Bukan ABCD, Ini Alasan Keyboard Pakai Sususan QWERTY
Ilustrasi keyboard QWERTY | Foto: Mateusz/Pexels

Papan ketik atau keyboard merupakan bagian penting dari penggunaan gadget. Baik itu di mesin tik, laptop, komputer, atau yang ada di layar smartphone. Bukan dengan susunan ABCD, hurufnya tersusun dengan deretan 6 huruf, yaitu Q, W, E, R, T, dan Y.

Namun, pernahkah terlintas di pikiran Goodmates mengapa urutan huruf di keyboard tidak mengikuti huruf standar alfabet? Untuk menjawab pertanyaan ini, berikut GoodSide beri penjelasan lengkapnya.

Berawal dari Mesin Tik

Ilustrasi Christopher Latham Sholes | Foto: Tumblr.co

Penggunaan keyboard tentunya sejalan dengan penemuan mesin tik oleh pria asal Amerika Serikat bernama Christopher Latham Sholes pada 1868. Pada masa itu keyboard masih dalam bentuk mesin tik yang sangat sederhana dengan memakai tangkai.

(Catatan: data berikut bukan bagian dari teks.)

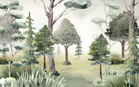 Ormandaki Ağaçlar Suluboya Efektli Duvar Kağıdı
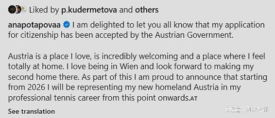 最后,波塔波娃还真的宣布将自己的原俄罗斯国籍给换了,不过不是奥地利,而是维也纳,“我很高兴地告诉大家,我的奥地利公民身份申请已被奥地利政府批准。奥地利是我深爱的地方,这里热情好客,让我感到宾至如归。我热爱维也纳,并期待着在那里安家落户。同时,我荣幸地宣布,从2026年起,我将代表我的新祖国奥地利参加我的职业网球比赛。”

Pada mulanya, Sholes membuat susunan huruf di keyboard dengan dua baris berdasarkan abjad ABCD. Seiring waktu, seringkali timbul permasalahan pada tuas mesin tik. Hal ini karena ada banyak kata dari bahasa Inggris menggunakan huruf yang terlalu berdekatan, seperti huruf T dan H di keyboard.

Baca juga: Bikin Produktif! Ini Dia Rekomendasi Paket Keyboard dan Mouse di Bawah Rp300 ribu

Ketika mesin keyboard tertekan dalam waktu yang hampir bersamaan, bagian batang pada mesin tik yang berfungsi sebagai pencetak huruf di kertas jadi saling bertumpuk. Dengan begitu, tidak bisa bergerak saat terpakai.

Susunan QWERTY pada Keyboard

Ilustrasi keyboard | Foto: imgur.com

Salah satu rekan bisnis Sholes bernama James Densmore menyarankan agar memisahkan tuts-tuts yang sering terpakai dalam jarak yang berdekatan. Hal ini bertujuan untuk mempercepat proses pengetikan dan mencegah terjadinya kerusakan pada batang mesin tik.

Cara ini membuahkan hasil, hingga akhirnya pada 1860-an Sholes dan teman-temannya mengajukan hak paten. Hak tersebut menjelaskan tentang susunan keyboard dalam bentuk QWERTY, bisa mengurangi kerusakan pada mesin tik dan membuat proses pengetikan menjadi lebih efisien.

Keputusan Sholes mengenai susunan QWERTY berhubungan dengan teori Biagram Frequency. Teori ini menjelaskan bahwa tuts karakter pada keyboard harus teracak agar sejumlah pasangan dua huruf yang sering ada dalam bahasa Inggris, seperti “th”, “st”, “he” tidak saling berdekatan.

Baca juga: Belajar Kembangkan Hidup dari Filosofi Kaizen ala Orang Jepang

Pada tahun 1872, Sholes memutuskan untuk menjual desain QWERTY dengan mematenkannya ke perusahaan typewriter Densmore atau Yost. Kemudian, perusahaan ini menjual lisensi produk ke perusahaan perakit senjata, mesin jahit, dan mesin tik bernama E. Remington & Sons.

Pada 1973, Remington menuangkan gagasan Sholes lewat sebuah produk mesin tik pertama bernama Remington Nomor Satu. Susunan keyboard QWERTY memiliki paten sebagai input komputer, untuk kemudian resmi sebagai keyboard standar ISO (International Standard Organization).

Susunan Keyboard Selain QWERTY

Pada 1940, seorang pria asal Rusia bernama August Dvorak pernah menemukan standar susunan keyboard DVORAK atau ASK (American Simplified Keyboard). Susunan keyboard ini juga lebih efisien dan sehat karena tidak membuat pengetik kecapekan.

Baca juga: Tingkatkan Daya Ingat dengan Teknik Mnemonik

Namun, karena salah bersaing dengan susunan QWERTY, keyboard DVORAK pun tidak terpakai sebagai standar internasional. Satu-satunya pihak yang mengakui susunan keyboard ini adalah dari ANSI (American National Standard Institute) yang menyetujui susunan DVORAK sebagai versi alternatif pada tahun 1970-an.

Demikian penjelasan singkat mengenai keyboard yang tersusun berdasarkan huruf QWERTY. Apakah sudah menjawab pertanyaan Goodmates tentang keyboard tidak tersusun dengan abjad ABCD?